2 1/2 cups whole wheat flour
2 cups white flour
1 1/2 tsp. sea salt
2 tbsp yeast
1/2 -1 tsp garlic powder (just a guess I never measure this)
1/2-1 tsp italian seasoning (again just a guess)
2 cups lukewarm water
I start by adding whole wheat flour, sea salt, yeast, water, salt, garlic powder, and italian seasoning. I let the yeast sit in that warm water for just a few minutes before mixing. Then I mix those ingredients for a couple of minutes. Then I pull out my dough hook and add the remaining flour and mix. You might need to add a little extra flour. Any extra flour I add is always whole wheat flour.

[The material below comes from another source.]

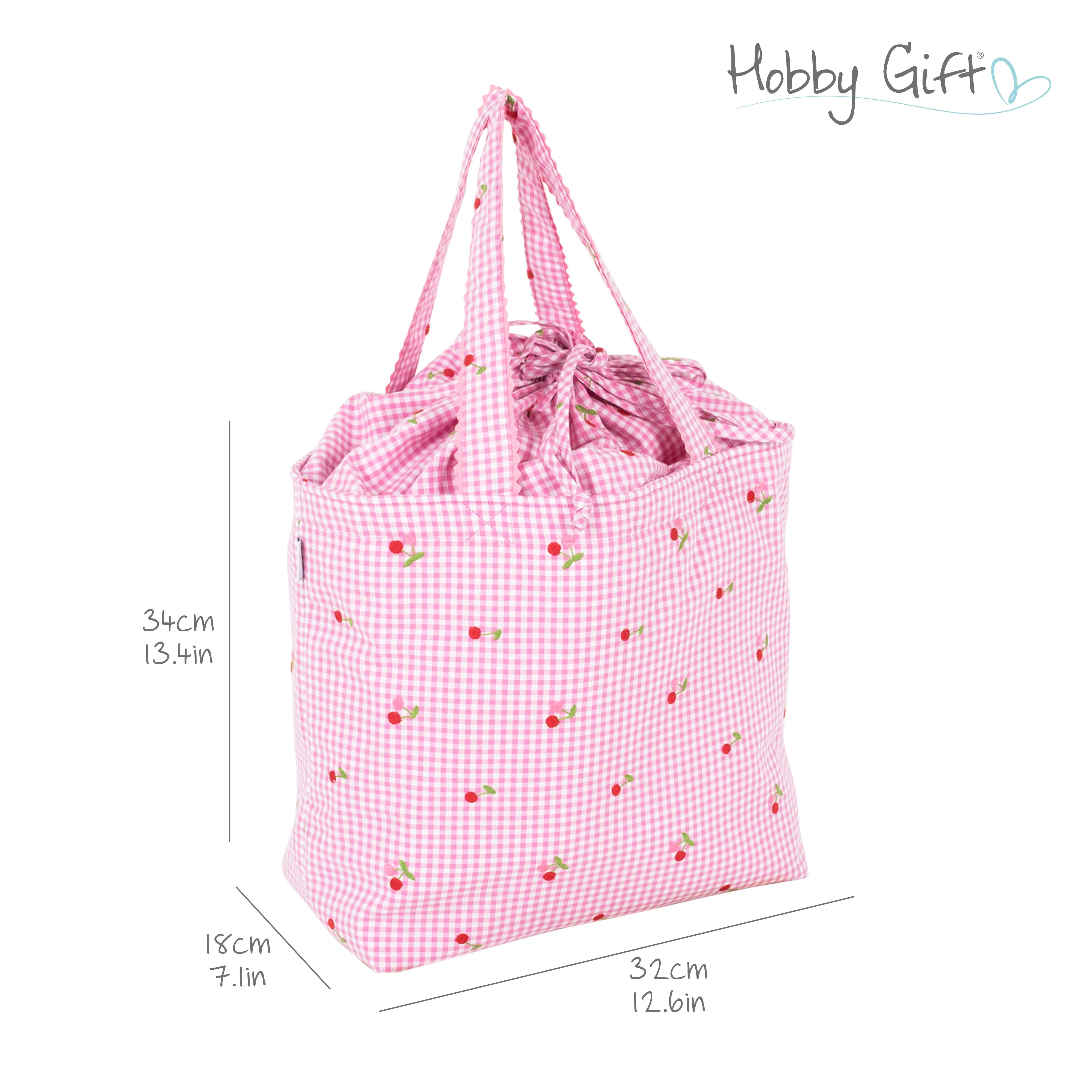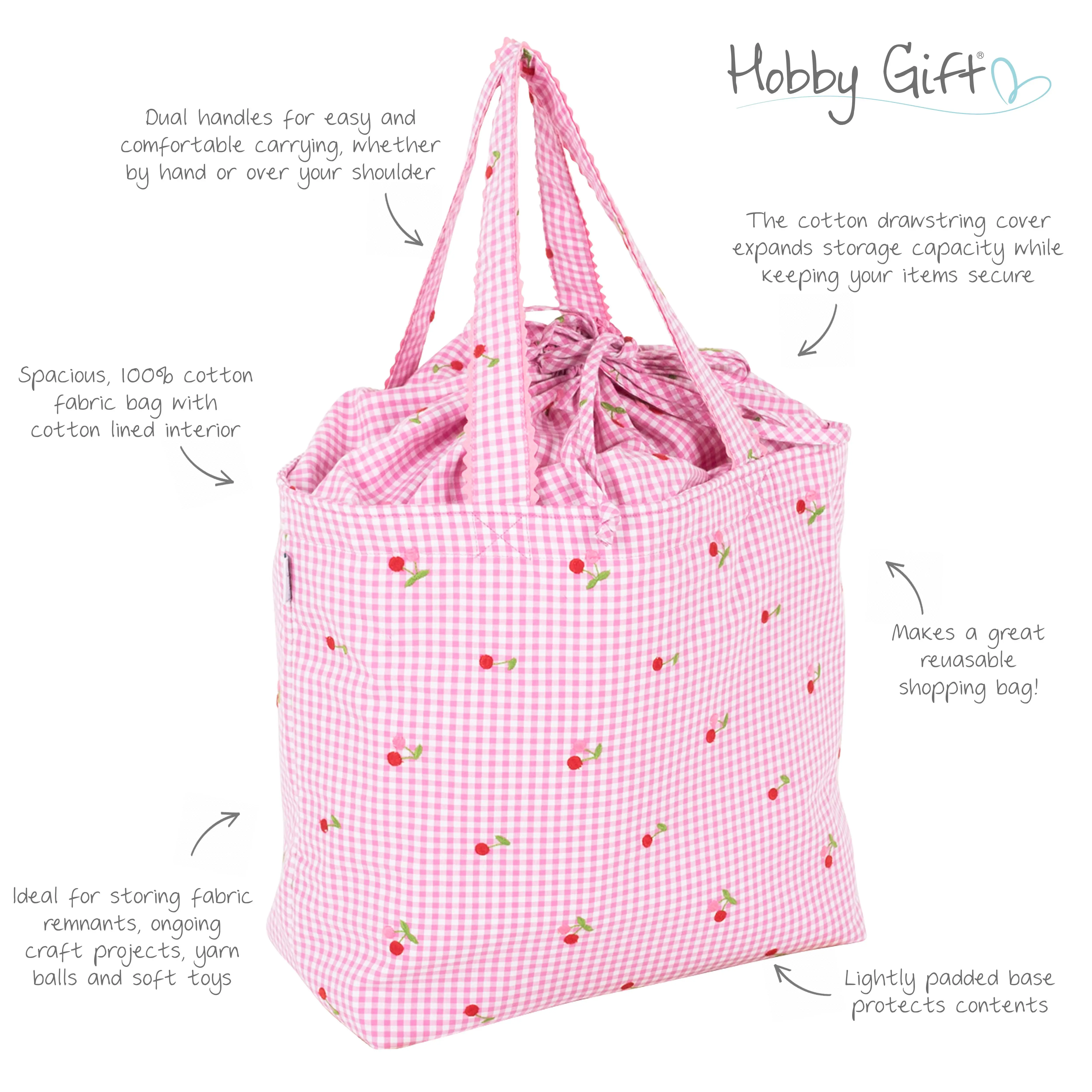 Keep your craft projects and beautifully organised with this charming large drawstring craft bag. Designed in a classic cotton gingham fabric with a delicate embroidered cherry motif, this bag combines practical storage with a fresh, timeless style.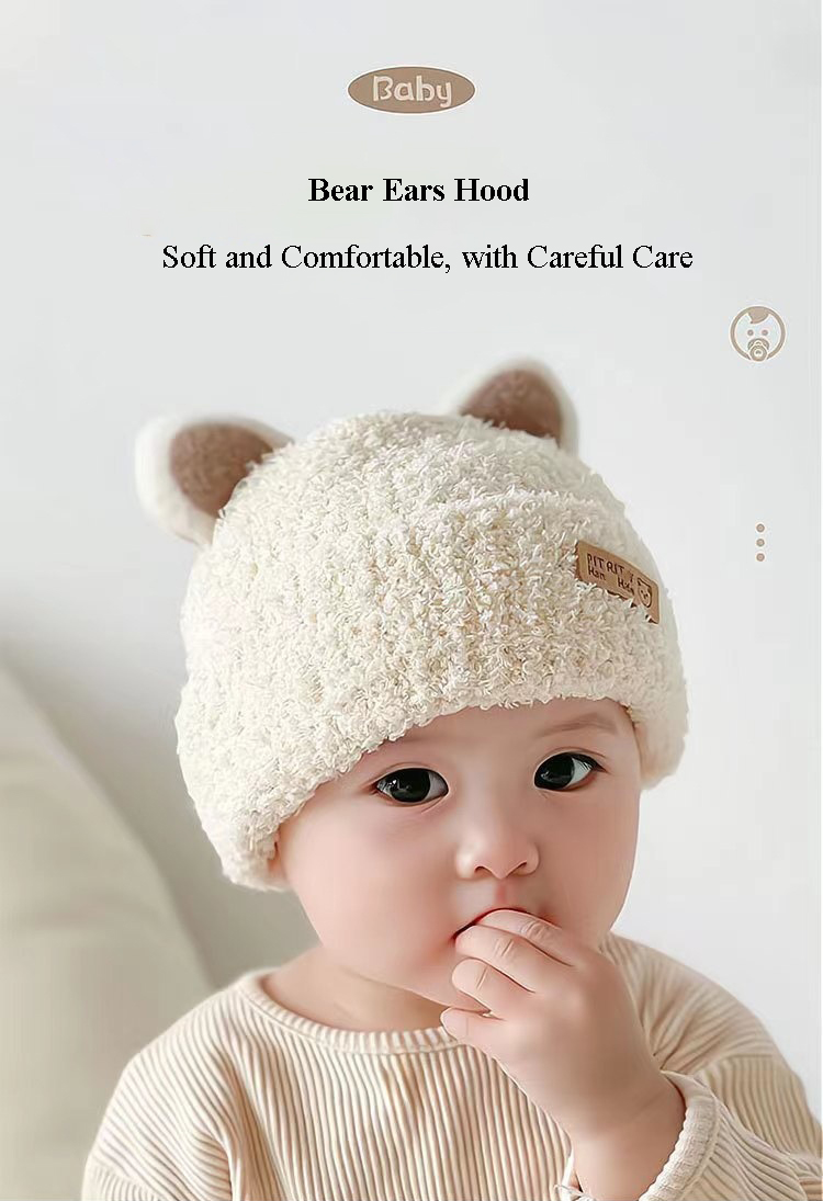 BEAR PATTERN WITH POMPOM-If you love cute little bears, make sure not to miss this hat!This cute baby hat features an adorable embroidered patch of a charming bear on front, perfectly complemented by two fluffy pom-poms on top. When your little one dons this hat, they will undoubtedly exude an irresistible cuteness, making it a perfect accessory for any playful outing or chilly day.

Then I let it sit for about 20 minutes. I roll it out and put on greased pans. The above picture shows how much this recipe makes. Then just start to put toppings on. This above picture is so boring I rarely make pizza with just pepperoni. (A couple of tips as far as toppings go. If you use sausage, you don't need to pre cook it. It saves on dishes and time to just break off small raw pieces and place them on the pizza. I usually do this after the kids have helped, so that they don't pick at it. Also sliced tomatoes on pizza before it goes in the oven are really good.) I bake my pizza at 425 for about 20 minutes.